==== Excerpted data

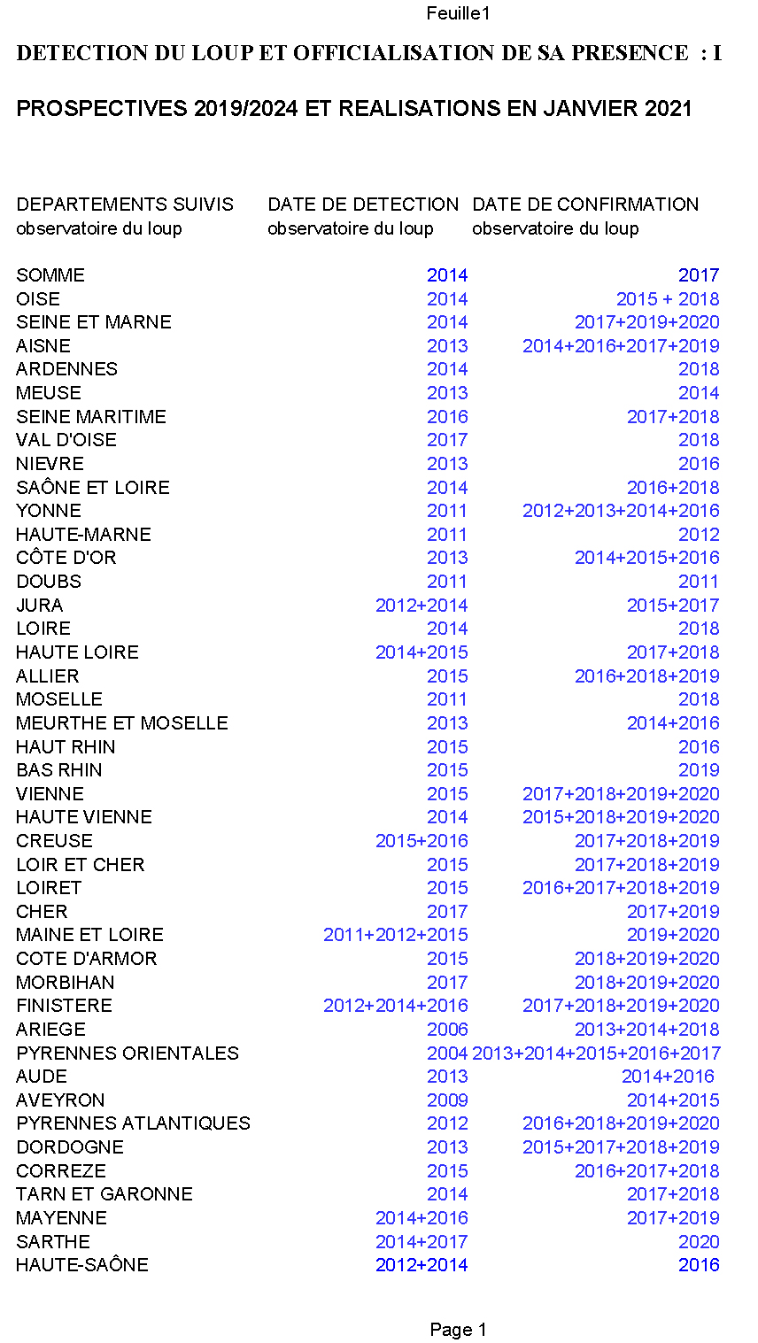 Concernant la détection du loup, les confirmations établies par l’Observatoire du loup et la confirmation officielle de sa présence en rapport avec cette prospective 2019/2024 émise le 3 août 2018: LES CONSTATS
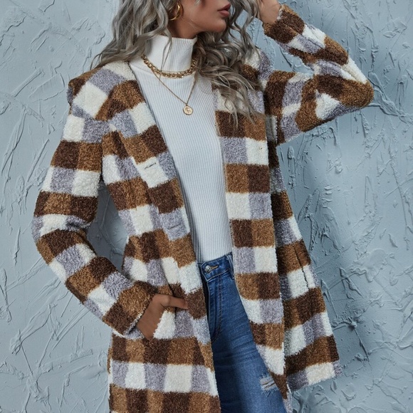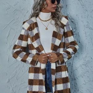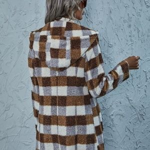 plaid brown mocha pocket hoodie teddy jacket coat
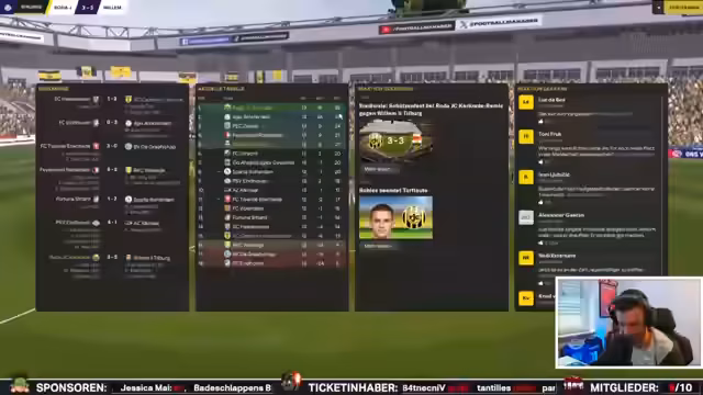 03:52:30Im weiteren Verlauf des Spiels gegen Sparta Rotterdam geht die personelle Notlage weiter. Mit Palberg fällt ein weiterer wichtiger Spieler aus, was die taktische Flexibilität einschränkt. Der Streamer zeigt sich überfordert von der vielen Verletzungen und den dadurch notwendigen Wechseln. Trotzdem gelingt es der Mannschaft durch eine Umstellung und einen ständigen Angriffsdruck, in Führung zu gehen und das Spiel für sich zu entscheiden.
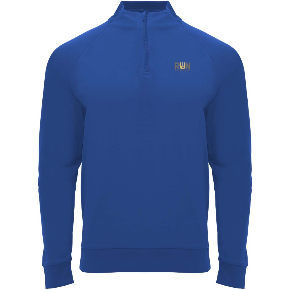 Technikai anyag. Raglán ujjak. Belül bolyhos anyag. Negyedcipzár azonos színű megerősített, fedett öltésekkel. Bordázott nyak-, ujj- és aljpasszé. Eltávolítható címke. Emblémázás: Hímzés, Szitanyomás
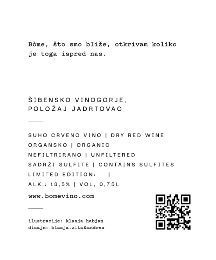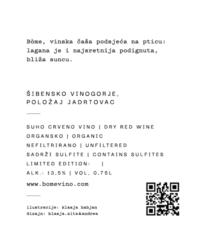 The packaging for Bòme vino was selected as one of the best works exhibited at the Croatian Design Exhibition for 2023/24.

========

Please give back exactly the lines from the first line of the records above through the line containing "plaid brown mocha", only those and both included, with the pictures removed.

 Concernant la détection du loup, les confirmations établies par l’Observatoire du loup et la confirmation officielle de sa présence en rapport avec cette prospective 2019/2024 émise le 3 août 2018: LES CONSTATS
 plaid brown mocha pocket hoodie teddy jacket coat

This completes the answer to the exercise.